Data extracted from a collection
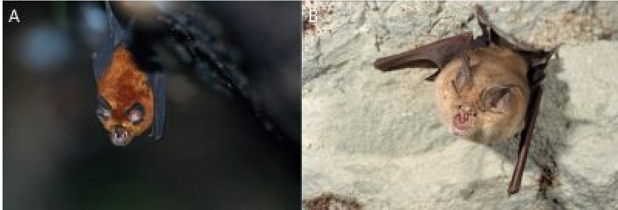
Figure 1. Horseshoe bats. A, Indonesian horseshoe bat ( Rhinolophus sp.) in Tangkoko Nature Reserve (Sulawesi).; B, Greater horseshoe bat ( Rhinolophus ferrumequinum ).

China occupies a central place for the spread of coronaviruses. Indeed, it is a vast country whose varied climates give rise to a great diversity of bats and viruses (Table). In addition, bats are in close contact with a large human population, which potentially promotes the transmission of viruses to humans and farm animals.
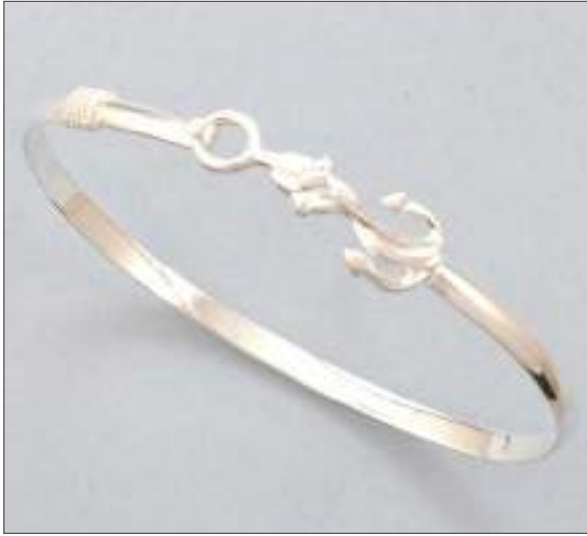
JBN110591D54X70MSL WT: 10.9 gm
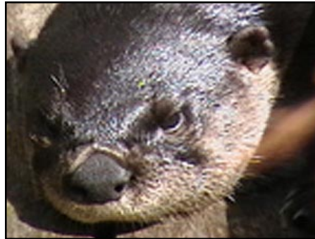
A River Otter rests in front of the pond cypress bench along the exit trail (October 10).
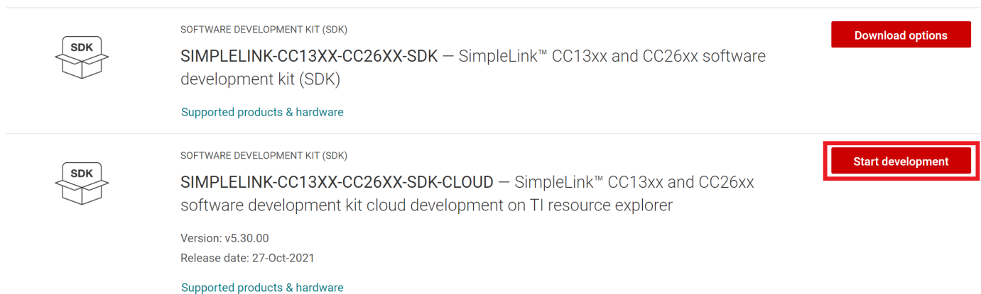
Figure 3-2. Resource Explorer Start Development Button
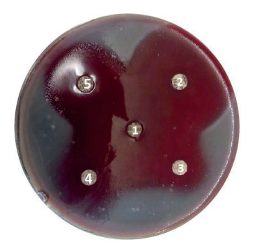
Figure 7: N.perflava antibiotic susceptibility.
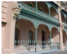
terrace 148 victoria parade east melbourne front elevation oct1999
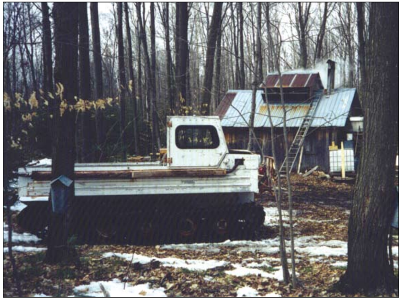
The Sugar Shack Beckons (see page 11 for article and more photos)
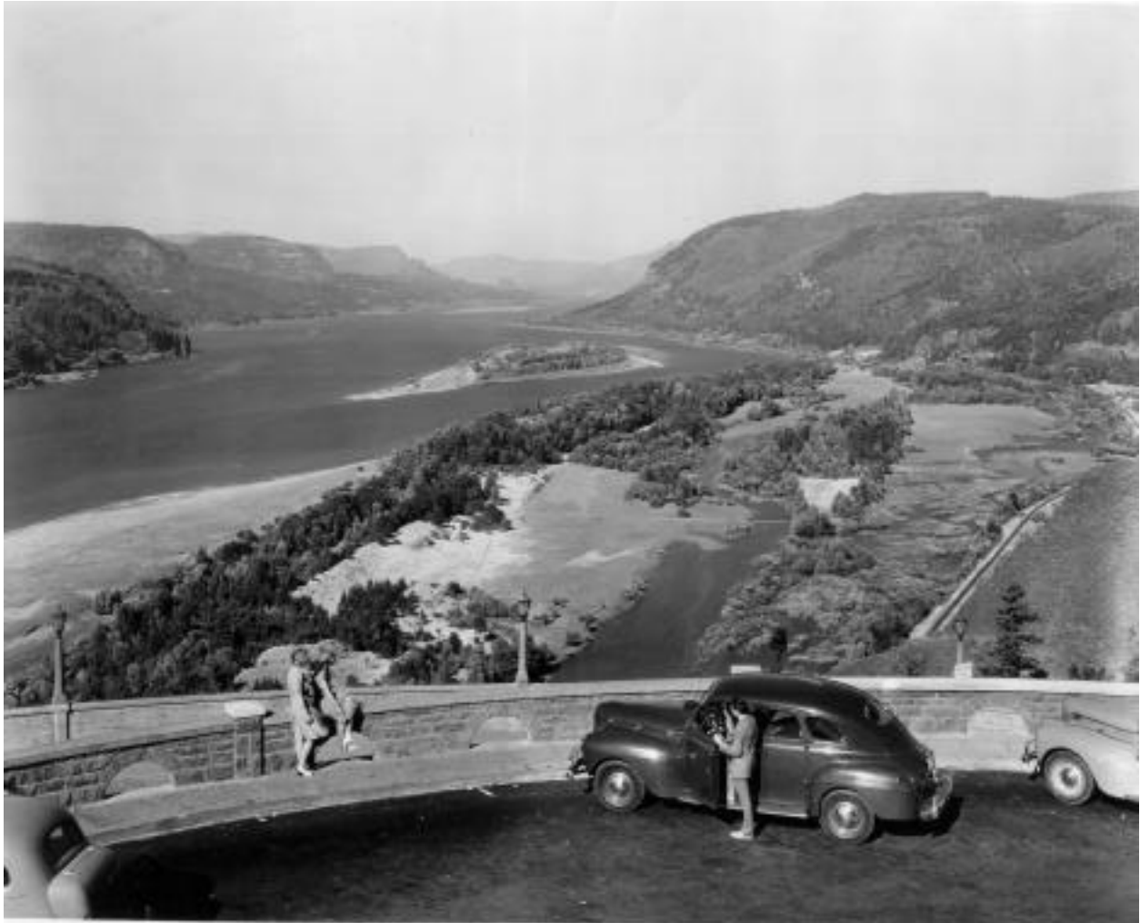
“The Gorge of the Columbia River from Crown Point on the Columbia River Highway”

◆ **Assignment**: For this exercise, copy every line of the data that holds "front".

◆ **Exercise solution**:
A River Otter rests in front of the pond cypress bench along the exit trail (October 10).
terrace 148 victoria parade east melbourne front elevation oct1999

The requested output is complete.